- Appointed: 24 August 2017
- Retired: 15 February 2023
- Predecessor: Jude Thaddeus Okolo
- Successor: Piergiorgio Bertoldi
- Other post: Titular Archbishop of Mathara in Numidia
- Previous posts: Apostolic Nuncio to Pakistan (2015–17); Archbishop of Algiers (2008–15);

Orders
- Ordination: 13 June 1975 by Neemah Simaan
- Consecration: 17 July 2008 by Fouad Boutros Twal, Michel Sabbah and Henri Teissier

Personal details
- Born: 22 July 1951 (age 74) Khirbeh, Jordan
- Denomination: Catholic Church
- Motto: CONFIRMA FRATRES TUOS

= Ghaleb Moussa Abdalla Bader =

20th-century Jordanian Catholic bishop

Ghaleb Moussa Abdalla Bader (Arabic: غالب موسى عبد الله بدر; born 22 July 1951) is a Jordanian prelate of the Catholic Church who served as the apostolic nuncio to the Dominican Republic and apostolic delegate to Puerto Rico. He was Archbishop of Algiers from 2008 to 2015.

== Biography ==
Ghaleb Moussa Abdalla Bader was born in Al Khirbeh, Jordan, on 22 July 1951. He entered the minor seminary of Beit Jala on 4 September 1963.

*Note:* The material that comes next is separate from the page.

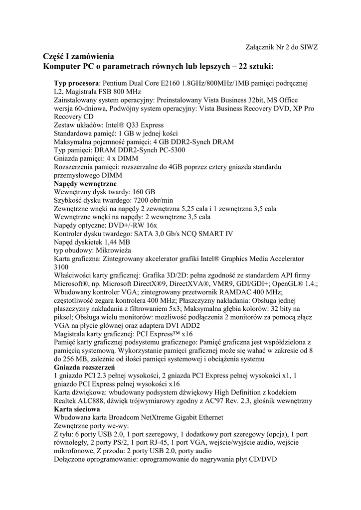 Załącznik Nr 2 do SIWZ Część I zamówienia Komputer PC o parametrach równych lub lepszych – 22 sztuki: Typ procesora: Pentium Dual Core E2160 1.8GHz/800MHz/1MB pamięci podręcznej L2, Magistrala FSB 800 MHz Zainstalowany system operacyjny: Preinstalowany Vista Business 32bit, MS Office wersja 60-dniowa, Podwójny system operacyjny: Vista Business Recovery DVD, XP Pro Recovery CD Zestaw układów: Intel® Q33 Express Standardowa pamięć: 1 GB w jednej kości Maksymalna pojemność pamięci: 4 GB DDR2-Synch DRAM Typ pamięci: DRAM DDR2-Synch PC-5300 Gniazda pamięci: 4 x DIMM Rozszerzenia pamięci: rozszerzalne do 4GB poprzez cztery gniazda standardu przemysłowego DIMM Napędy wewnętrzne Wewnętrzny dysk twardy: 160 GB Szybkość dysku twardego: 7200 obr/min Zewnętrzne wnęki na napędy 2 zewnętrzna 5,25 cala i 1 zewnętrzna 3,5 cala Wewnętrzne wnęki na napędy: 2 wewnętrzne 3,5 cala Napędy optyczne: DVD+/-RW 16x Kontroler dysku twardego: SATA 3,0 Gb/s NCQ SMART IV Napęd dyskietek 1,44 MB typ obudowy: MikrowieŜa Karta graficzna: Zintegrowany akcelerator grafiki Intel® Graphics Media Accelerator 3100 Właściwości karty graficznej: Grafika 3D/2D: pełna zgodność ze standardem API firmy Microsoft®, np. Microsoft DirectX®9, DirectXVA®, VMR9, GDI/GDI+; OpenGL® 1.4.; Wbudowany kontroler VGA; zintegrowany przetwornik RAMDAC 400 MHz; częstotliwość zegara kontrolera 400 MHz; Płaszczyzny nakładania: Obsługa jednej płaszczyzny nakładania z filtrowaniem 5x3; Maksymalna głębia kolorów: 32 bity na piksel; Obsługa wielu monitorów: moŜliwość podłączenia 2 monitorów za pomocą złącz VGA na płycie głównej oraz adaptera DVI ADD2 Magistrala karty graficznej: PCI Express™ x16 Pamięć karty graficznej podsystemu graficznego: Pamięć graficzna jest współdzielona z pamięcią systemową. Wykorzystanie pamięci graficznej moŜe się wahać w zakresie od 8 do 256 MB, zaleŜnie od ilości pamięci systemowej i obciąŜenia systemu Gniazda rozszerzeń 1 gniazdo PCI 2.3 pełnej wysokości, 2 gniazda PCI Express pełnej wysokości x1, 1 gniazdo PCI Express pełnej wysokości x16 Karta dźwiękowa: wbudowany podsystem dźwiękowy High Definition z kodekiem Realtek ALC888, dźwięk trójwymiarowy zgodny z AC'97 Rev. 2.3, głośnik wewnętrzny Karta sieciowa Wbudowana karta Broadcom NetXtreme Gigabit Ethernet Zewnętrzne porty we-wy: Z tyłu: 6 porty USB 2.0, 1 port szeregowy, 1 dodatkowy port szeregowy (opcja), 1 port równoległy, 2 porty PS/2, 1 port RJ-45, 1 port VGA, wejście/wyjście audio, wejście mikrofonowe, Z przodu: 2 porty USB 2.0, porty audio Dołączone oprogramowanie: oprogramowanie do nagrywania płyt CD/DVD Klawiatura: standardowa klawiatura (PS/2) Urządzenie wskazujące: Mysz optyczna PS/2 2-przyciskowa z przewijaniem ZuŜycie energii: Maksymalnie 300 W Zasilanie: Pasywny stabilizator PFC z przełącznikiem napięcia zasilania ustawionym na 230 V — brak stabilizatora PFC, gdy przełącznik napięcia zasilania jest w połoŜeniu 115 V; Zakres napięcia znamionowego 90-140 V lub 180-264 V; Zakres napięcia znamionowego 100-127 V lub 200-240 V; częstotliwość znamionowa linii 50–60 Hz; częstotliwość robocza linii od 47 do 63 Hz; maksymalne napięcie znamionowe 300 W; wentylator 80 mm wbudowany w zasilacz — szybkość obrotów regulowana w celu poprawy akustyki; Pobór mocy w trybie ES — Suspend to RAM (S3) (Instantly Available PC)) Zakres temperatur podczas eksploatacji: Od 10°C do 35°C Dopuszczalna wilgotność względna podczas eksploatacji: od 10 do 90% Dopuszczalna wilgotność względna: od 10 do 95% Gwarancja: minimum 36 miesięcy Serwer PC o parametrach równych lub lepszych – 3 sztuki: Typ procesora: Intel Xeon 3040 Dual Core 1,86 GHz 1,86 GHz, 1 x 2 MB współdzielonej pamięci podręcznej L2, Magistrala FSB 1066 MHz Pamięć podręczna: 1 x 2 MB współuŜytkowanej pamięci podręcznej L2 Pamięć [MB]: 1024 DDR2 PC2-5300 (667 MHz) Gniazda pamięci: 4 gniazda DIMM Maksymalna ilość pamięci: 8 GB Dysk twardy: Jednocalowy dysk SATA 160 GB 7 200 obr./min Wewnętrzne wnęki na napędy: 4 niepodłączane podczas pracy 3,5-calowe dyski SATA/SAS Napędy optyczne: Napęd CD-ROM IDE (ATAPI) 48x Obudowa: Obudowa 4U typu wieŜa Zasilanie: Zasilacz 370 W Port I/O: Równoległe — 0; Szeregowe — 2; Urządzenie wskazujące (mysz, PS2) — 1; Karta graficzna — 1; Klawiatura (PS2) — 1; USB — 6 (2 z tyłu, 2 na panelu przednim, 2 wewnętrzne, w tym 1 do podłączenia napędu taśm USB); Złącza sieciowe RJ-45 (Ethernet) — 1; Zarządzanie: Opcjonalny port na kartę Lights-Out 100c Remote Management Interfejs sieciowy: Wbudowana gigabitowa karta sieciowa PCIe NC320i Gniazdo rozszerzeń: Dwa 32-bitowe gniazda PCI 33 MHz, 3,3 V; Dwa gniazda PCIExpress (x4 i x8, obydwa w złączu x8) Kontrolery dysków: Wbudowany 4-portowy kontroler SATA z wbudowanymi funkcjami RAID Obsługiwane systemy operacyjne: Microsoft® Windows® Server 2003: Standard i Enterprise Edition (32- i 64-bitowy); Microsoft® Windows® Small Business Server 2003; Microsoft® Windows® 2003 Server Web Edition; Novell NetWare 6.5 SBS (wyłącznie wersje późniejsze od wersji z pakietem serwisowym SP6); RedHat Enterprise Linux; SUSE Linux Enterprise Server Gwarancja: minimum 36 miesięcy Notebook z torbą - 5 sztuk: Procesor: Intel® Celeron® M 530 1,73 GHz, 1 MB pamięci podręcznej L2, Magistrala FSB 533 MHz Zestaw układów: Zestaw układów Mobile™ Intel® 960GL Express Wewnętrzny dysk twardy: Serial ATA 120 GB (5400 obr./min) Napędy optyczne: Wbudowany napęd SuperMulti DVD+/-RW z obsługą nośników dwuwarstwowych i technologii LightScribe Typ pamięci: DDR II, 667 MHz, 1024 MB Gniazda pamięci: 2 gniazda SODIMM z obsługą pamięci dwukanałowej Rozszerzenia pamięci: MoŜliwość rozszerzenia do 4096 MB Funkcje wyświetlacza: WXGA BrightView 15,4 cala (rozdzielczość 1280x800) Technologie bezprzewodowe: Broadcom 802.11b/g, karta mini-PCI Faks-modem:
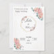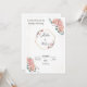 Una bonita y elegante invitación a la boda, con unas rosas rosas blandas y hojas de eucalipto verde. Un delicado marco geométrico dorado rodea el espacio en blanco para los detalles del evento. Perfecto para una moda, un boda moderno y romántico".

Bader was ordained a priest by Neemah Simaan, Auxiliary Bishop of Jerusalem and Patriarchal Vicar for Jordan, on 13 June 1975 in Jabal al-Luweibdeh, Amman. His first assignment was as parish priest of Christ the King parish in Al-Misdar in central Amman.

In August 1979 Bader became secretary to the Patriarch of Jerusalem and professor at the seminary of Beit Jala.

Bader earned a doctorate in civil law from Damascus University in 1979 and then attended the Lateran Pontifical University in Rome where he earned a doctorate degree in philosophy in 1985 and a doctorate in church and civil law in 1986. He is the author of several books and speaks seven languages.

From 1981 to 1986 Bader participated in the Arabic translation of the 1983 Code of Canon Law.

From 1996 to 2001 Bader worked as an advisor to the Pontifical Council for Interreligious Dialogue.

On 24 May 2008, Pope Benedict XVI appointed Bader Metropolitan Archbishop of Algiers. He was the first Arab Catholic priest to hold that office, previously held by Frenchmen.

Bader received his episcopal consecration on 17 July 2008 from the Latin Patriarch of Jerusalem Fouad Twal, with co-consecrators Patriarch Emeritus Michel Sabbah and Archbishop Henri Teissier.

==Diplomatic career==
Pope Francis appointed him Apostolic Nuncio to Pakistan on 23 May 2015. He was the first native of Jordan to hold the rank of papal nuncio.

Bader was appointed Apostolic Nuncio to the Dominican Republic and Apostolic Delegate to Puerto Rico on 24 August 2017.

On 15 February 2023, Pope Francis accepted his resignation.